Het beroep op het arrest Korošec slaagt niet. Appellant heeft in de procedure voldoende ruimte gehad om stukken in te dienen ter onderbouwing van zijn standpunt dat het medisch oordeel van het Uwv onjuist is. Hij heeft van deze mogelijkheid ook gebruik gemaakt door zowel in beroep als in hoger beroep medische informatie van zijn behandelaars in te dienen. Uit het arrest Korošec volgt niet dat de rechter uit het oogpunt van equality of arms gehouden zou zijn in een situatie als die van appellant een medisch deskundige te benoemen. Appellant heeft informatie van behandelaars over de bestaande aandoeningen in het geding gebracht. Van die informatie kan niet gezegd worden dat die naar zijn aard niet geschikt is om twijfel te zaaien aan de rapporten van de verzekeringsartsen.
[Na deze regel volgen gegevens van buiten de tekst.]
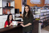 właściciel sklepu z przodu sklep
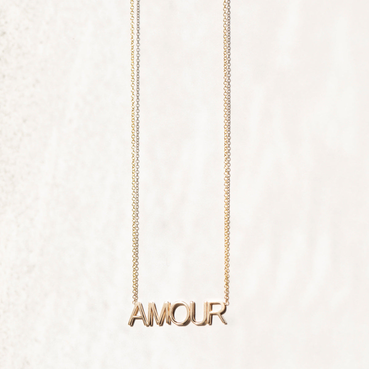 The Maya x Clare V 14k gold Amour Necklace is a "très chic" way to show your love for style. Designed using our signature delicate cable chain and an adjustable length, this necklace is a perfect layering piece to achieve that effortlessly chic French style.

De verzekeringsartsen van het Uwv hebben die informatie inzichtelijk bij hun beoordeling betrokken zodat deze door de rechter kan worden getoetst.
4.4.
Gelet op 4.1, 4.2 en 4.3 slaagt het hoger beroep niet. De aangevallen uitspraak, voor zover aangevochten, dient te worden bevestigd.
5. Voor een proceskostenveroordeling bestaat geen aanleiding.

BESLISSING

De Centrale Raad van Beroep bevestigt de aangevallen uitspraak, voor zover aangevochten.
Deze uitspraak is gedaan door E.J.J.M. Weyers als voorzitter en F.M. Rijnbeek en W.R. van der Velde als leden, in tegenwoordigheid van A.L.Abdoellakhan als griffier. De beslissing is uitgesproken in het openbaar op 24 maart 2021.